In phase two, a Delphi technique was employed. A Delphi process was included in the research design to evaluate each job competency, rank the job competency list generated in phase one, and identify the core job competencies representative of those used for an entry-level resort and commercial recreation position. The Delphi technique is a group process using written responses to aggregate the judgments of a number of individuals to improve the quality of decision making (Delbecq, Van de Ven, & Gustafson, 1975). It is essentially an iterative series of questionnaires, with each subsequent questionnaire containing information gathered from those preceding it. The process ends when consensus is reached or sufficient information has been exchanged (Dalkey, 1967).
The Delphi technique is valuable for obtaining judgments from experts who are geographically isolated (Delbecq et al., 1975). To qualify for this Delphi group, individuals must:
1. Hold a Professional membership in RCRA;
2. Be currently working in a resort or commercial recreation setting, providing direct services to guests, and have held that position for at least five years; or
3. Be working in a resort or commercial recreation setting providing management services for at least the past five years.
All individuals must have been able to make a one-year commitment to the study. Diversity of experience and responsibilities were sought for the Delphi panelists in an attempt to gain a balanced response. A panel comprised solely of upper-management personnel may have a unique perspective not necessarily shared by entry-level or mid-management personnel. The optimum size for a Delphi group should not exceed 30 (Delbecq et al., 1975). A stratified sample of RCRA members (n =21) who held entry-level, mid-management or upper-management positions, were invited to serve on the Delphi panel.
The 103 entry-level job competencies generated from the initial phase of this study formed the basis for the first Delphi questionnaire. Panelists were also given the opportunity to add new competencies to the list; however, no new competencies were added. Subsequent questionnaires were based on the responses to the preceding questionnaire. The key to the Delphi process is developing a clear understanding from the participants of exactly what information is desired.
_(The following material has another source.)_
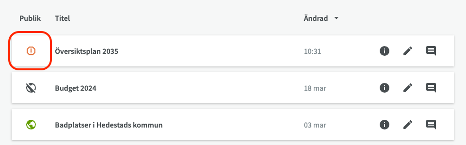 Utkastet visas i listan med en röd varningssymbol som visar att det är en ofullständig datamängd och det går inte att publicera datamängden förrän alla obligatoriska fält är ifyllda.

Each member of the Delphi panel was provided the job competency list from the WordCruncherTM analysis and requested to: prioritize the domains; assign and rank job task items by order of importance in each domain. The initial Delphi question was, "What are the most important job tasks or competencies performed by entry-level resort and commercial recreation professionals?" Two subsequent questionnaires were developed. Initial job competency items were ranked in the first Delphi round. Items not ranked by more than one Delphi member were eliminated from the next questionnaire. Items not ranked by 75% of the Delphi panel were eliminated from the second and third round. The process stopped when a general consensus was reached after the third round.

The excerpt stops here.